Additionally, the auto-generated progress monitoring probes provided actionable data to tailor instruction. The system quickly adapted materials when probes showed skill deficits. Ongoing progress data enabled explicit reteaching for any concept where students exhibited struggle.

Students commented that they appreciated the targeted practice and support on the exact skills they found difficult. The closed-loop nature of the system facilitated rapid personalization based on both macro-level trends and micro-level learner errors. This precision remediation accounted for statistically significant academic gains.

Discussion

This study provides promising evidence that AI language models may facilitate closing achievement gaps for students with special needs through data-driven personalization. Generating tailored assessments, materials, and intervention plans automatically based on curriculum standards and individual progress unleashes new possibilities for responsive instruction. Teachers also benefit from reduced time spent on design and data analysis.
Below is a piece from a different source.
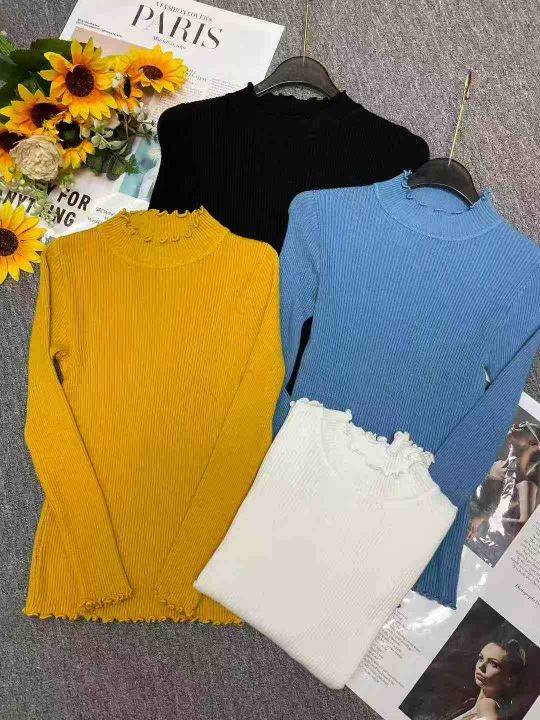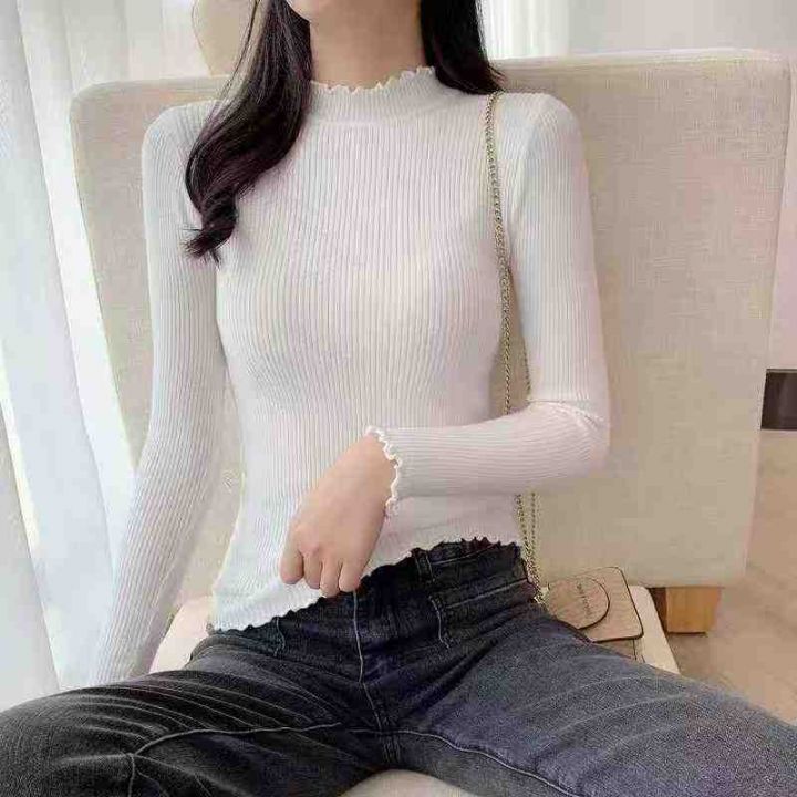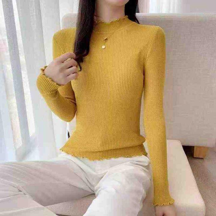 秋冬新款韩版百搭半高领木耳边坑条包芯纱套头毛衣,独...

The study indicates automated adaptive support, vocabulary expansion, comprehension checks, and immediate feedback were beneficial components enabled by language model capabilities. The precise targeting of skills where students showed weakness allowed effective reteaching. Ongoing adjustment of the auto-generated questions, texts, and activities based on formative analytics was likewise instrumental.

However, this approach should supplement, not replace, skilled teachers. Educators provided essential strategic oversight of the language models to structure appropriate prompts and ensure alignment with IEP goals. They also brought expertise GPT-3 lacked, including modulating motivation and providing high-level concepts. Collaborative, ethical application of generative AI should enhance special education.

Limitations of this study include a relatively small sample size from a single school district. Further research should incorporate larger populations and different age groups. Additionally, this study exclusively focused on improving academic skills in math and reading. Investigating applications for supporting social-emotional growth and life skills would be beneficial. Longitudinal data tracking the durability of gains is needed.

Conclusion

Personalized learning driven by large language models like GPT-3 appears highly promising to make special education instruction more precise and data-driven. By generating tailored assessments and responsive activities calibrated to each student’s evolving needs, generative AI can help shrink achievement gaps. This study provides an initial demonstration of using language models to enhance outcomes for students with disabilities. Findings suggest a blended model combining teacher expertise with benefits of automation warrants deeper investment and exploration. Large language models may open new doors to ensure all students, including those with special needs, have opportunities to achieve their highest educational potential.

References

Basham, J. D., Hall, T. E., Carter Jr, R. A., & Stahl, W. M. (2016). An operationalized understanding of personalized learning. Journal of Special Education Technology, 31(3), 126-136.

Bloom, B. S. (1984). The 2 sigma problem: The search for methods of group instruction as effective as one-to-one tutoring. Educational researcher, 13(6), 4-16.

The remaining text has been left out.